Full coverage across cloud providers and resources
With agentless deep scanning, security teams are able to tackle the problems of incomplete coverage. Agentless approaches only require a single connector per cloud or Kubernetes environment, and are able to capture all the important data about workloads, including ephemeral and offline resources, within those environments. No need to identify and install anything on any individual resource. Since the agentless approach leverages the cloud providers’ visibility itself, it is able to provide 100% coverage.
Rich context from the entire environment
Beyond cloud resources themselves, agentless approaches are also able to capture crucial context from the cloud environment that is necessary for identifying real risks. Important cloud metadata that goes beyond the boundaries of individual resources has a huge impact on identifying and prioritizing critical risks. For example, via the connectors, agentless approaches can capture information about identities across principals and resources to see the risks of exposed secrets, or networking information at the cloud level to identify network exposure paths for specific resources.
No impact on the environment
Agentless scans take snapshots of resources with each scan, so there are no changes made to the resources themselves, like with an agent-based approach. Any updates made to the agentless scanner will not require security teams to take maintenance actions on their resources, creating no impact on the environment.
The volume snapshot approach of agentless deep scanning ensures that there’s no impact to performance in an environment, as the connectors are only reading data via APIs and scanning out of band, not relying on the cloud environment’s compute resources to run. This allows agentless deep scanning approaches to achieve a level of comprehensiveness in terms of coverage and features that is not possible with agent-based approaches due to the tradeoff between performance and impact to the environment.

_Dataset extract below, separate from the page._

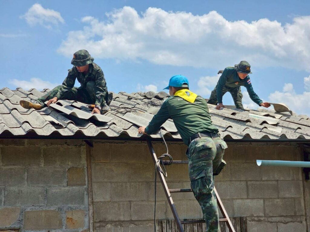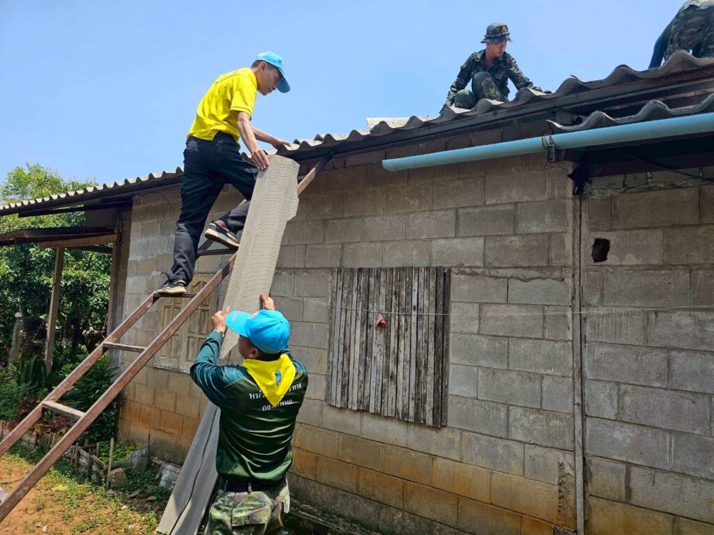 เชียงใหม่-กกล.ผาเมือง/กอ.รมน.ภาค 3 สย.2 ซ่อมแซมบ้านเรือนประชาชนที่ได้รับความเสียหายจากวาตภัย ในพื้นที่ อ.ฝาง จว.ช.ม.

It’s time to move beyond agents in cloud security
The cloud is too dynamic and ephemeral to keep up a strong security posture solely by relying on having agents on every resource. It’s like trying to drain a river with a bucket. For each bit you do capture, so much more has raced past you. The only way forward is to find an approach that lets security teams get visibility into every resource in the ever-changing cloud -- whether they’re static, ephemeral, or offline -- and doesn’t impact the cloud environment, and lets agents play the role of the last line of defense on critical resources.
If they want DevOps teams to work with them, security teams cannot afford to introduce new risks or impact performance and resource utilization with their solutions. Cloud-native approaches let security teams roll out a solution quickly without onerous asks on DevOps that gives them the coverage and context across the entire cloud they need to identify and prioritize real risks. With agents in place on critical resources as a last line of defense, this lets security teams create a solid security foundation for the cloud world.